Findings differ from popular anecdotes on animal response to lockdown

While popular news stories during pandemic lockdowns promoted the narrative of wildlife roaming free and nature “reclaiming” urban development, the study’s findings indicate wildlife response to human presence or absence is far more nuanced.

“We did not see an overall pattern of ‘wildlife running free’ while humans sheltered in place,” Burton said. “Rather, we saw great variation in activity patterns of people and wildlife, with the most striking trends being that animal responses depended on landscape conditions and their position in the food chain.”

The study showed larger herbivores like deer or moose tended to become more active when humans were present, while carnivores like wolves or wolverines were less active.

Animals such as deer or raccoons in urban areas that are accustomed to humans may become more active around people and access anthropomorphic resources, such as garbage or plants, at night. However, animals living farther from cities and other developed areas are more cautious of possible human encounters.

Webb said these findings make sense when one considers the baseline of human exposure an animal is accustomed to.

“If wildlife are exposed to higher levels of human activity, they’re going to behave differently because they’re habituated to humans and kind of know what to expect,” Webb said. “However, animals that are truly in the wild or more rural areas aren’t accustomed to human presence. You must consider what the baseline of human exposure is for the animal to understand how it might respond.”

Studies like this, which include such a large amount of data on diverse wildlife species located across various geographic areas, help scientists analyze the subtleties of wildlife behavior beyond broad generalizations, he said.
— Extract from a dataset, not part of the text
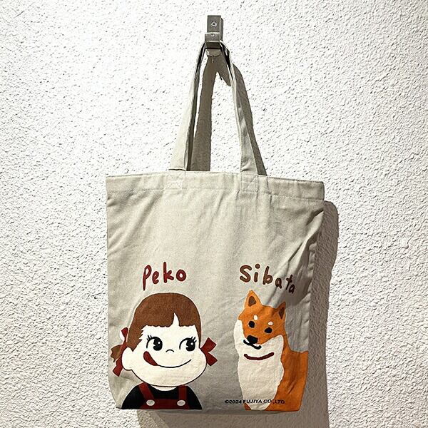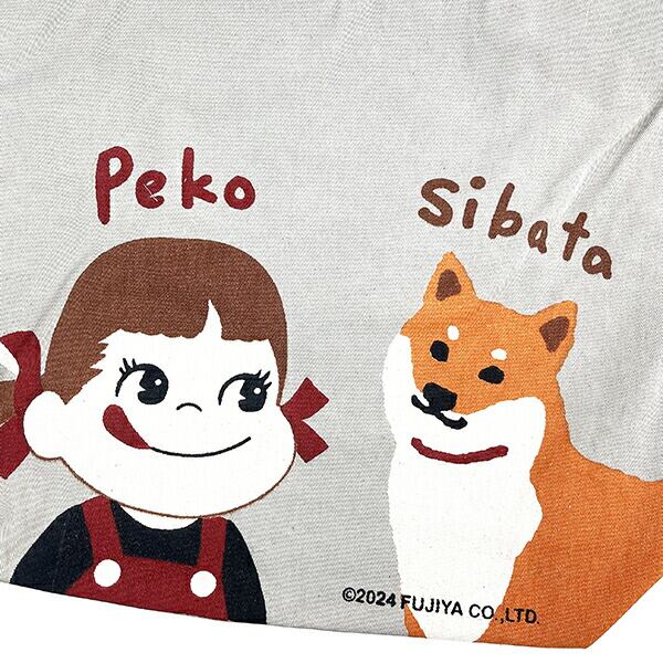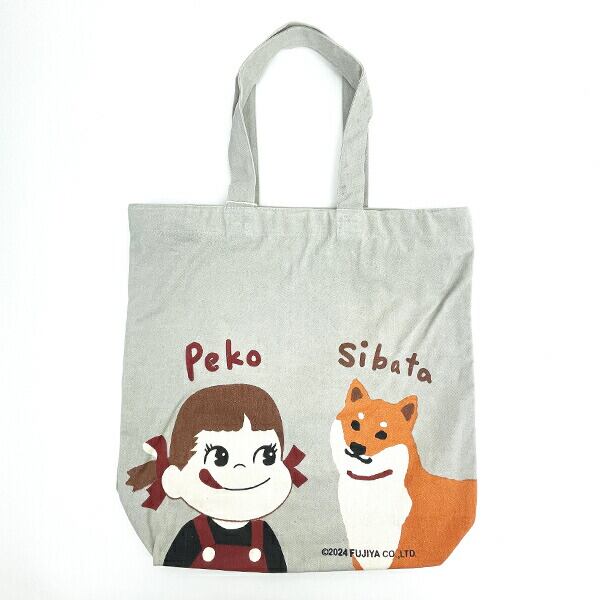 ペコちゃん ペコとしばた ファスナー付A4トートバッグ (グレー)

Separate research to investigate impact of habitat management on wildlife

Webb is also utilizing camera traps to investigate the impact of habitat management on wildlife at the Department of Rangeland, Wildlife and Fisheries Management’s La Copita Demonstration Ranch and Research Area west of Corpus Christi.

Established in 1981, the 2,726-acre ranch is planning a variety of management activities including cattle grazing, brush removal, prescribed fire, fence construction and more.

Camara traps located throughout the property will allow Webb and other Texas A&M AgriLife researchers to quantify how these activities affect the presence and abundance of a variety of wildlife.

While Webb will conduct his own independent research using the camera traps, the data will also be available to other researchers for additional studies.

“When researchers collaborate and share information like this, it’s a powerful tool to better understand how our actions and habitat management techniques affect wildlife,” Webb said. “In turn, that empowers us to make better management decisions to advance wildlife conservation.”